Records drawn from a dataset:
---*---
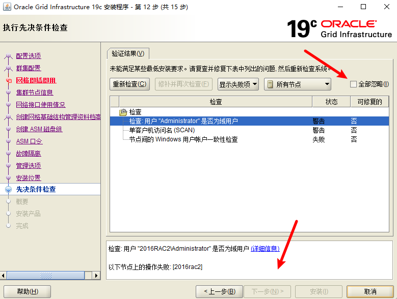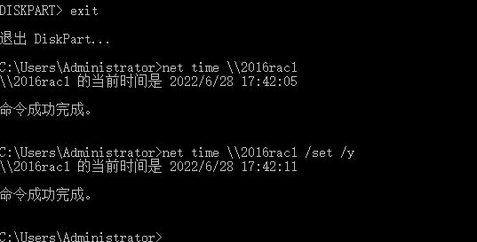在2016rac2上执行两边net use \\2016rac1\c$
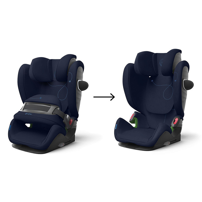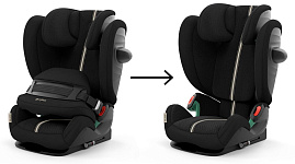 Чтобы переключить Pallas G i-Size на конфигурацию с 3-точечным автомобильным ремнем, вам нужно всего лишь снять противоударный щиток. Затем ребенок пристегивается трехточечным ремнем автомобиля. Вы можете переоборудовать Pallas G i-Size после того, как рост вашего ребенка превысит 100 см. Однако это не является обязательным, и вы можете продолжать использовать автокресло Pallas с противоударным щитком, пока ваш ребенок не достигнет роста 105 см. Однако обязательно снимите противоударный щиток, как только ребенок достигнет веса 21 кг.
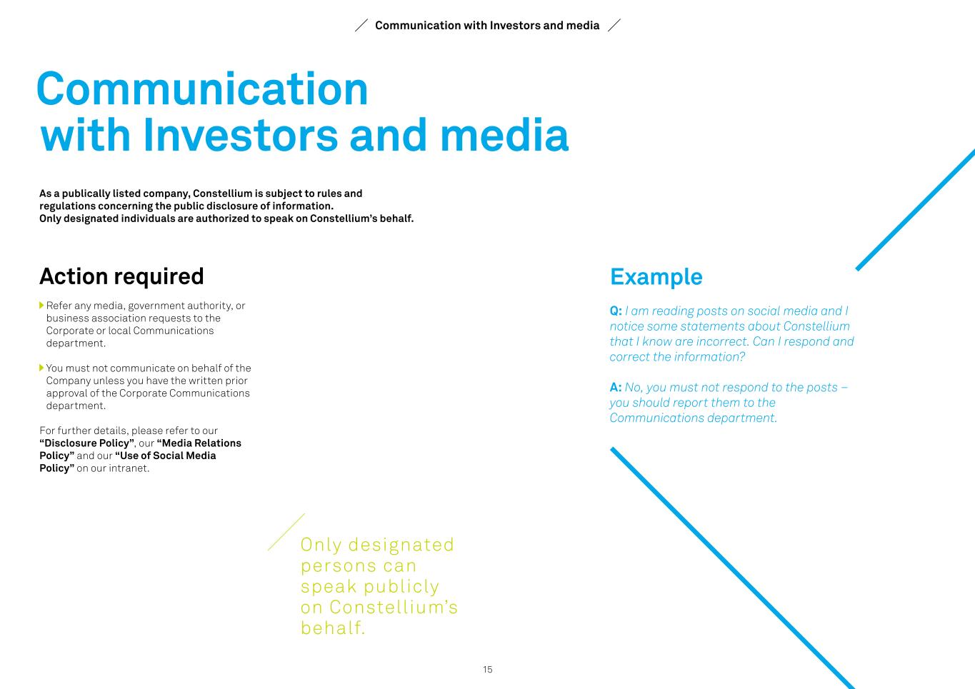 Example Q: I am reading posts on social media and I notice some statements about Constellium that I know are incorrect. Can I respond and correct the information? A: No, you must not respond to the posts – you should report them to the Communications department. Action required Refer any media, government authority, or business association requests to the Corporate or local Communications department. You must not communicate on behalf of the Company unless you have the written prior approval of the Corporate Communications department. For further details, please refer to our “Disclosure Policy”, our “Media Relations Policy” and our “Use of Social Media Policy” on our intranet. Communication with Investors and media Only designated persons can speak publicly on Constellium’s behalf. As a publically listed company, Constellium is subject to rules and regulations concerning the public disclosure of information. Only designated individuals are authorized to speak on Constellium’s behalf. Communication with Investors and media 15
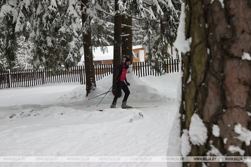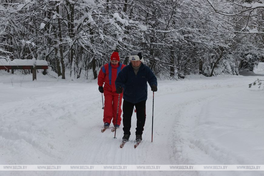 4 декабря, Могилев/Корр. БЕЛТА/. В Могилеве наступила настоящая зима. Горожане активно отдыхают в Печерском лесопарке.-0-
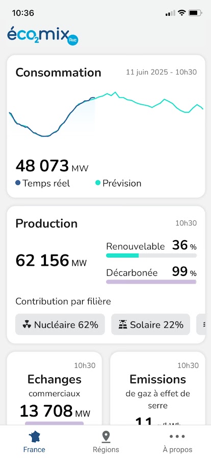 Приложение éCO₂mix, основанное на миллионах точек данных, собранных RTE, является инструментом прозрачности и образования, призванным помочь понять и наглядно представить цифры, информацию и тенденции развития электроэнергетической системы Франции.
---*---
TASK OBJECTIVE: Give again the stretch of lines above from the one with "Example Q: I" through the one with "4 декабря, Могилев/Корр.", both ends kept, and copy no pictures.

COMPLETED EXERCISE:
 Example Q: I am reading posts on social media and I notice some statements about Constellium that I know are incorrect. Can I respond and correct the information? A: No, you must not respond to the posts – you should report them to the Communications department. Action required Refer any media, government authority, or business association requests to the Corporate or local Communications department. You must not communicate on behalf of the Company unless you have the written prior approval of the Corporate Communications department. For further details, please refer to our “Disclosure Policy”, our “Media Relations Policy” and our “Use of Social Media Policy” on our intranet. Communication with Investors and media Only designated persons can speak publicly on Constellium’s behalf. As a publically listed company, Constellium is subject to rules and regulations concerning the public disclosure of information. Only designated individuals are authorized to speak on Constellium’s behalf. Communication with Investors and media 15
 4 декабря, Могилев/Корр. БЕЛТА/. В Могилеве наступила настоящая зима. Горожане активно отдыхают в Печерском лесопарке.-0-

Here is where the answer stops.